The suspects' clashes with police began only a few hours after the FBI released photos and videos of the two young men, who were seen carrying backpacks as they mingled among marathon revellers. The bombings on Monday killed three people and wounded more than 180 others, and authorities revealed the images to enlist the public's help finding the suspects.
The images released by the FBI depict two young men, each wearing a baseball cap, walking one behind the other near the finish line. Richard DesLauriers, FBI agent in charge in Boston, said the suspect in the white hat was seen setting down a bag at the site of the second of two deadly explosions.
Authorities said surveillance tape recorded late last night showed the suspect known for the white hat during a robbery of a convenience store in Cambridge, near the campus of MIT, where a university police officer was killed while responding to a report of a disturbance. The officer died of multiple gunshot wounds.
From there, authorities say, the two men carjacked a man in a Mercedes-Benz, keeping him with them in the car for half an hour before releasing him at a gas station in Cambridge. The man was not injured.
The search for the vehicle led to a chase that ended in Watertown, where authorities said the suspects threw explosive devices from the car and exchanged gunfire with police. A transit police officer was seriously injured during the chase, authorities said.
In Watertown, witnesses reported hearing multiple gunshots and explosions early today. Dozens of police officers and FBI agents were in the neighbourhood and a helicopter circled overhead.
Watertown resident Christine Yajko said she was awakened at about 1:30 am by a loud noise, began to walk to her kitchen and heard gunfire.
"I heard the explosion, so I stepped back from that area, then I went back out and heard a second one," she said. "It was very loud. It shook the house a little."
She said a police officer later knocked on her door and told her there was an undetonated improvised explosive device in the street and warned her to stay away from the windows.
"It was on the street, right near our kitchen window," she said.
Yajko said she never saw the suspect who was on the loose and didn't realise the violence was related to the marathon bombings until she turned on the TV and began watching what was happening outside her side door.
State police spokesman David Procopio said, "The incident in Watertown did involve what we believe to be explosive devices possibly, potentially, being used against the police officers."
Boston cab driver Imran Saif said he was standing on a street corner at a police barricade across from a diner when he heard an explosion.
"I heard a loud boom and then a rapid succession of pop, pop, pop," he said. "It sounded like automatic weapons. And then I heard the second explosion."
He said he could smell something burning and advanced to check it out but area residents at their windows yelled at him, "Hey, it's gunfire! Don't go that way!"
Doctors at a Boston hospital where a suspect in the marathon bombings was taken and later died are saying they treated a man with a possible blast injury and multiple gunshot wounds.
MIT said right after the shooting that police were sweeping the campus in Cambridge and urged people to remain indoors. They urged people urged to stay away from the Stata Centre, a mixed-use building with faculty offices, classrooms and a common area.

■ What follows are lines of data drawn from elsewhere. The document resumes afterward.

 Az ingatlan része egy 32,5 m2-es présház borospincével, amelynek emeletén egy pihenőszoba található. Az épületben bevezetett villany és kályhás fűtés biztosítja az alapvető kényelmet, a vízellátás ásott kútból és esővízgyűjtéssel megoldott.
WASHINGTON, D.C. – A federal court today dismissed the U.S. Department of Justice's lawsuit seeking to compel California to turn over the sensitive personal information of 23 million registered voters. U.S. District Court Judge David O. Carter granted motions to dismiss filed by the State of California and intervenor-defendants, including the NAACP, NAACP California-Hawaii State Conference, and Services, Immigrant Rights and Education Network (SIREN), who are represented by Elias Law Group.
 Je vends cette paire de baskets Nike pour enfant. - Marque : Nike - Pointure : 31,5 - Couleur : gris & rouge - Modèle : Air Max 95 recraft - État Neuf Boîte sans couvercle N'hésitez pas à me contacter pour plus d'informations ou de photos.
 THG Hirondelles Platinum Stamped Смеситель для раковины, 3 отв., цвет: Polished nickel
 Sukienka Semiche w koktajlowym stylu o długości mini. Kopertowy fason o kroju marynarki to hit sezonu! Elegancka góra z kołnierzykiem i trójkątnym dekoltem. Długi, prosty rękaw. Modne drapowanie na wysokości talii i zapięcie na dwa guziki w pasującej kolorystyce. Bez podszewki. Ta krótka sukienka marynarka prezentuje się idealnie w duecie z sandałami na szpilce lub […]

The suspects' images were released hours after President Barack Obama and first lady Michelle Obama attended an interfaith service in Boston to remember the dead and the wounded.

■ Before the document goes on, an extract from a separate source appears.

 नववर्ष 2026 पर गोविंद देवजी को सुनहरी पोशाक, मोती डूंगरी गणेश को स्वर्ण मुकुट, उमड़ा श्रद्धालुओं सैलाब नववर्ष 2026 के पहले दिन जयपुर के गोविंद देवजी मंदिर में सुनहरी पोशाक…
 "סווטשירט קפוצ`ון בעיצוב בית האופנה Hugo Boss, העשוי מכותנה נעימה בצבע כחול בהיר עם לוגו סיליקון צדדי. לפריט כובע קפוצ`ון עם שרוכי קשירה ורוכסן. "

Transport to and from the Boston area is virtually shut down, with the exception of aircraft, which continue to take off and land at Logan International Airport.
Amtrak has stopped trains about an hour south of the city in Providence, Rhode Island.

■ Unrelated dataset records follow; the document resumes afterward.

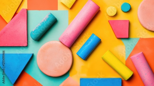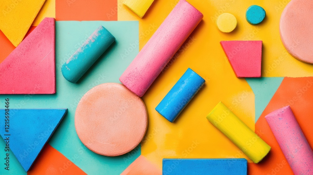 The watermark will not be included on Canvas Print.: Colorful geometric shapes and patterns in vibrant pastel hues on a bright background with ample copy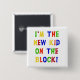 Primary colours text reads "New Kid on the Block" on new kid t-shirts, bodysuits, tote bags, stickers, cards, and more.
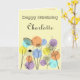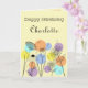 Retro style birthday card, line drawing flowers on a pastel background with circles in retro pastel colours.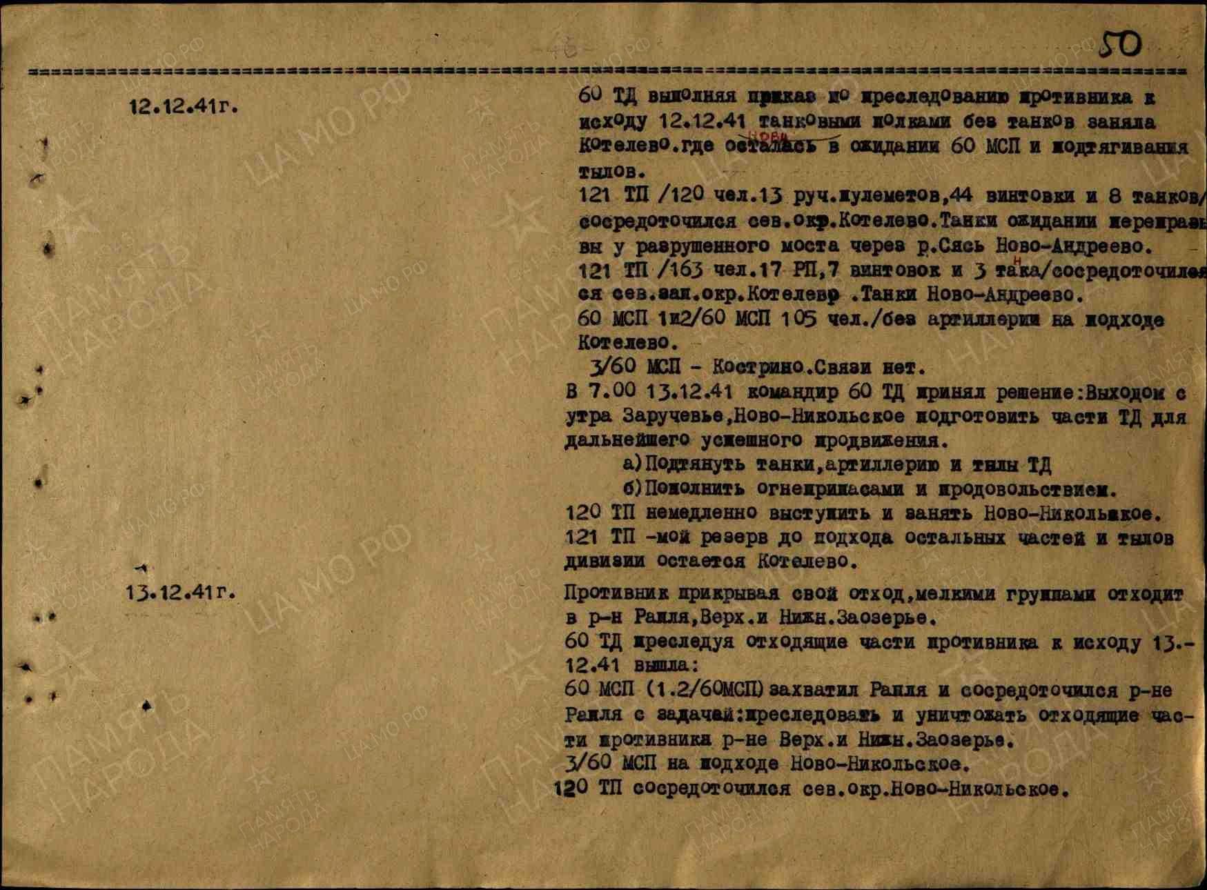 Теперь текст ЖБД 60 ТД за 13 декабря 1941 года:
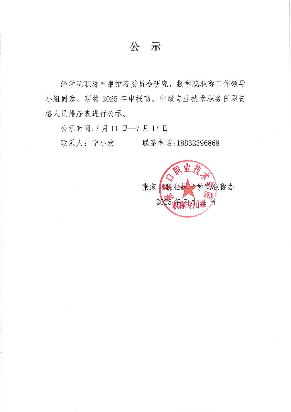 关于2025年申报高、中级专业技术职务任职资格人员量化赋分排序的公示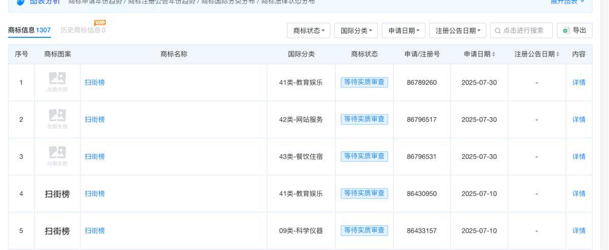 天眼查APP商標信息顯示,到今年7月份,高德才申請了“掃街榜”的多項商標。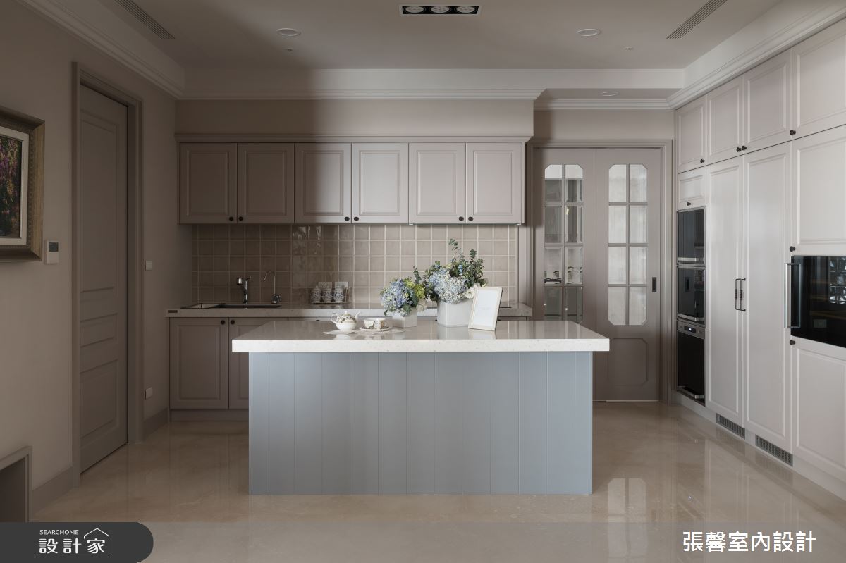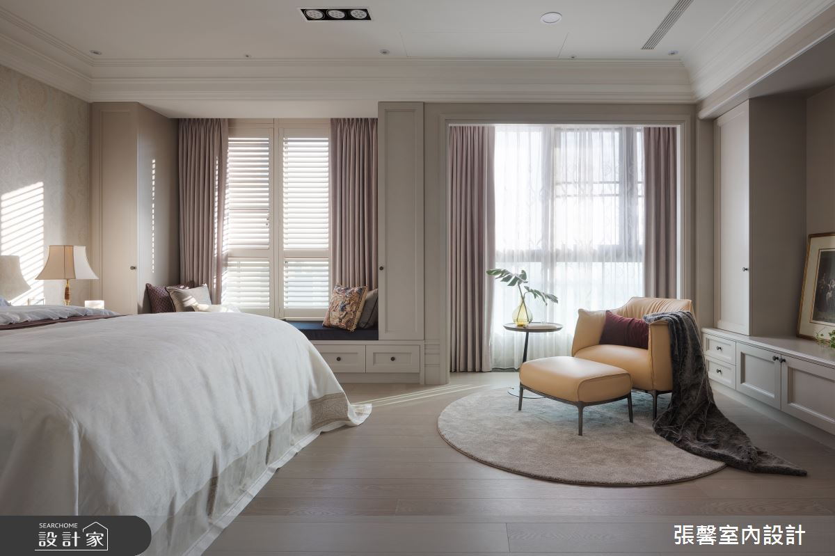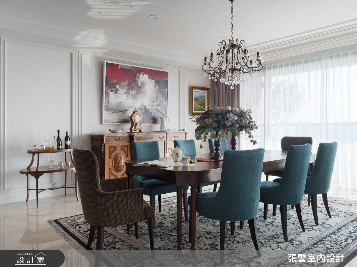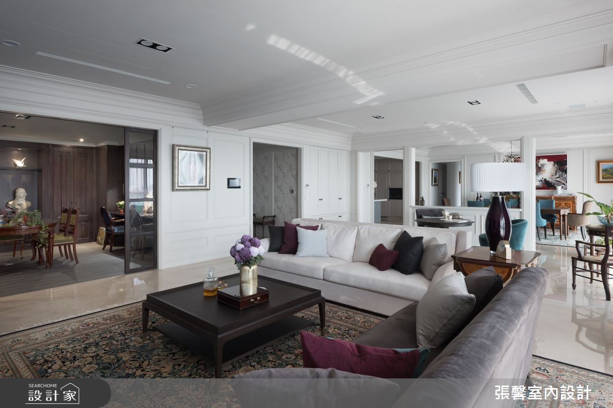 開放式的公共空間分為三區,從寬敞的玄關走入室內首先看到多功能區,在這裡可以會客也能享受悠閒的下午茶時光。右手邊為客廳區,以簡約的美式線板勾勒出淡雅氛圍,深淺色的沙發與大面積雅緻地毯則增添空間層次,另一側位於客廳同一水平為餐廳,擺上一幅畫作,不僅是餐廳風景也使話題開端。私人領域也是延續空間的白色調,搭配截取歐美古典元素的壁紙與點綴的粉色完整塑造優雅氣質。

The Massachusetts Bay Transportation Authority, which operates commuter trains into Boston as well as the city's subway - called the T - and the city's buses suspended all operations.
JetBlue, the largest airline in Boston, is allowing anybody scheduled to fly to or from Boston to change their ticket for free.
Megabus has cancelled at least 18 buses between Boston and New York, New Haven, Hartford, Burlington, and Philadelphia.